The Cubanization of Venezuela is not only reflected in the repression which the OAS doesn’t want to hear about, but in the Maduro administration’s harassment and marginalization of opposition leaders — a strategy right out of the Castro brothers’ playbooks. After addressing the OAS, for instance, Machado was called a traitor by some Venezuelans lawmakers. The leader of Venezuela’s congress, Diosdado Cabello, even said her OAS appearance had violated the constitution; and so she had lost her seat in the legislature and was no longer immune from being prosecuted for allegedly provoking violent protests.
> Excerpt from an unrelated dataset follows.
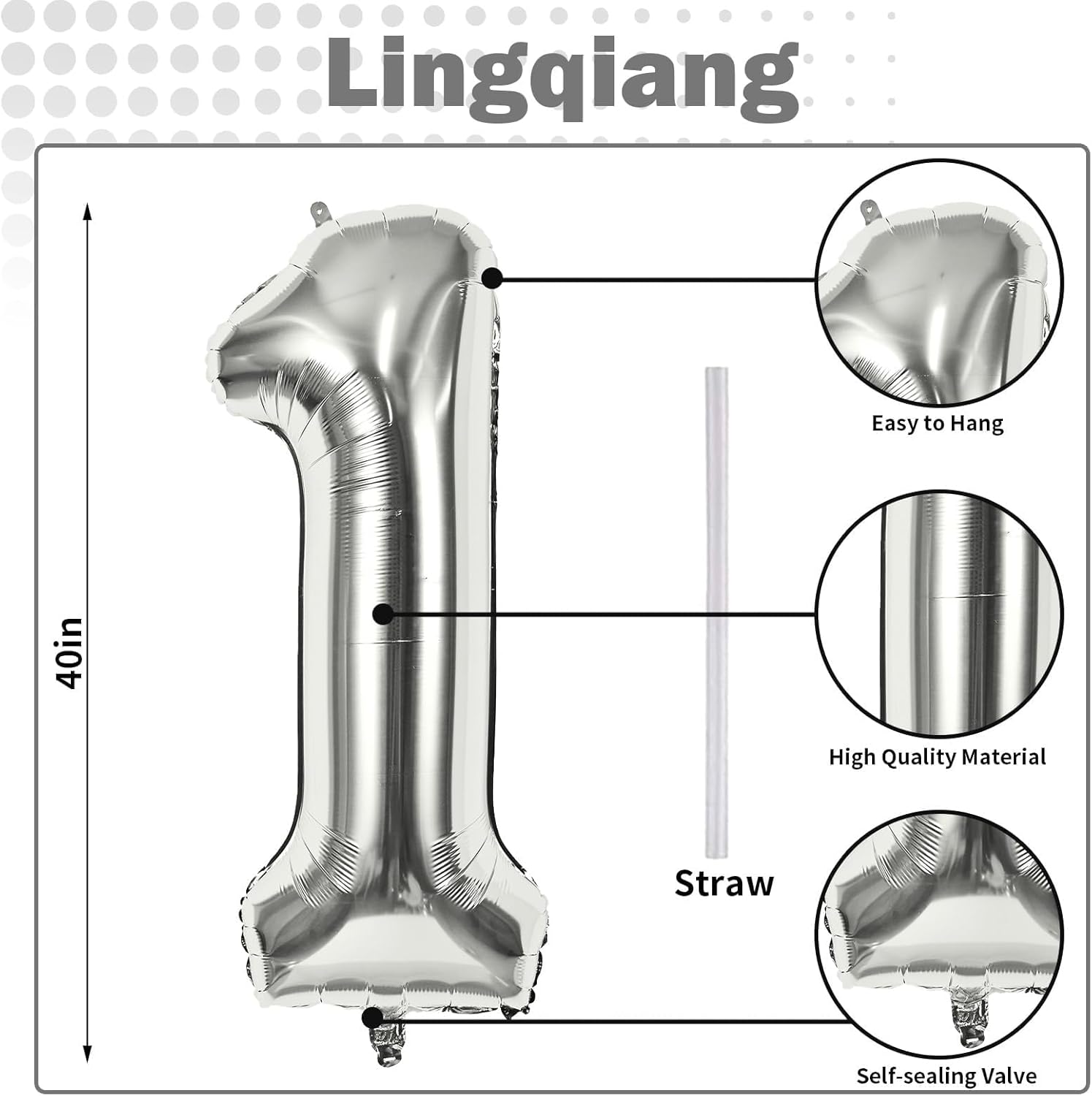 • πŸŽ‰ Silver Number 1 Balloon πŸŽ‰ - You will get 1pc 40 inch mylar foil number 1 balloon and 1pc straw. Perfect for 1st 10th 12th 13th 15th 16th 17th 18th 21st birthday or anniversary party decorations supplies.

And earlier this week, security agents arrested one opposition mayor, and another was sentenced to ten months in prison. Both were accused of inciting rebellion by having failed to dismantle street barricades set up by anti-government protesters. This follows last month’s arrest of opposition leader Leopoldo López, a former mayor, for allegedly inciting protesters; or what President Maduro claimed was a call to murder, arson, and terrorism — charges Amnesty International called a “politically motivated attempt to silence dissent. “To this day, no evidence of any kind has been presented,” López wrote in a New York Times op-ed.
Machado, for her part, is no stranger to Chavista thuggishness. Last April, Chavista lawmakers attacked her in congress and broke her nose.
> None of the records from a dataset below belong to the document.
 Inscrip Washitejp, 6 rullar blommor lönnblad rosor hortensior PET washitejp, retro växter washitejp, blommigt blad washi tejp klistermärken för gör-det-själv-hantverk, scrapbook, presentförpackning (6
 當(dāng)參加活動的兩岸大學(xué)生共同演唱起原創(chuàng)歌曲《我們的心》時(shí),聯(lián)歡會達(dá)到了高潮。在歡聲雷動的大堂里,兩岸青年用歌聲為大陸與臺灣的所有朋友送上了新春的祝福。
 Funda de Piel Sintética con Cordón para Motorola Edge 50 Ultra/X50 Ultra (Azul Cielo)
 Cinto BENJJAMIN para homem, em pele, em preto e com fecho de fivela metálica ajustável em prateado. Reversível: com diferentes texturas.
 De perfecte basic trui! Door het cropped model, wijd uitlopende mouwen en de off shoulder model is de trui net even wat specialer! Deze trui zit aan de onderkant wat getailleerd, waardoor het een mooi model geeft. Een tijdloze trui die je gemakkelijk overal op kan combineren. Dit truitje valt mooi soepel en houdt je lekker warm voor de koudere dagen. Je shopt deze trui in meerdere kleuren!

OAS members who supported Panama’s effort to give Machado a public hearing were: Canada, Chile, Colombia, Costa Rica, United States, Guatemala, Honduras, México, Paraguay, and Perú. Among those opposing Panama’s effort: Brazil, Nicaragua, Uruguay, El Salvador, Argentina, Venezuela, Bolivia and the Caribbean countries minus Barbados, which abstained.
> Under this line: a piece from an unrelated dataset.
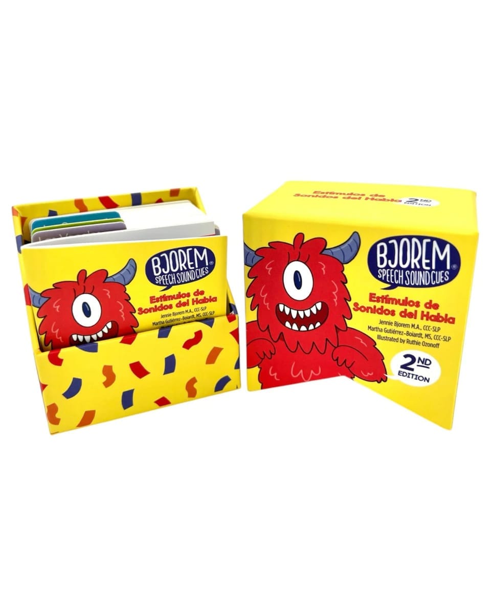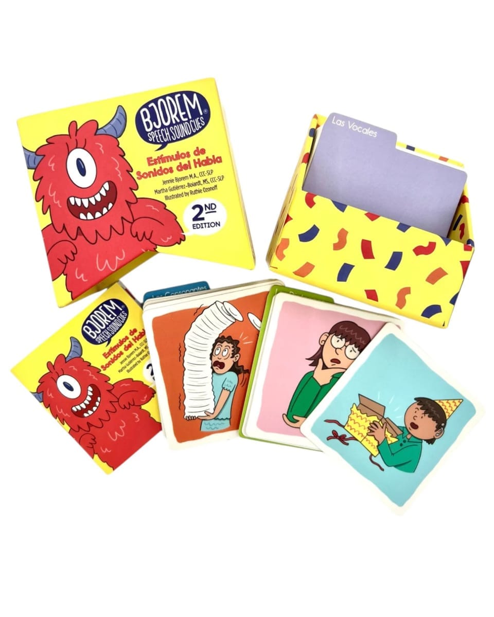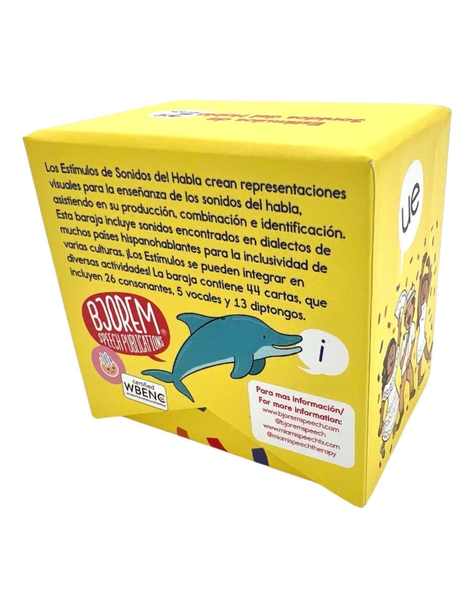 Con 44 tarjetas que cubren consonantes, vocales y diptongos, esta colección es una herramienta esencial para terapeutas del habla, educadores y profesionales de la comunicación que trabajan con estudiantes bilingües o hispanohablantes.

The Obama administration has spoken out against Venezuela’s human rights violations, but it has yet to take action. While the OAS meeting was discouraging for U.S. interests and supporters of democracy, it did have an upside, as pointed out by Venezuela analyst Francisco Toro at Caracas Chronicles. “Nearly twice as many people live in the eleven countries that voted against the Maduro regime than in countries that voted with it. Out of the 17 Spanish speaking countries in OAS, 9 voted against the Maduro regime, just 8 for it.”
Machado reportedly took this video with her to explain what has been happening in Venezuela:
The video depicts a grim reality for Venezuela. Unfortunately, the country continues to roil, with reconciliation still a distant possibility.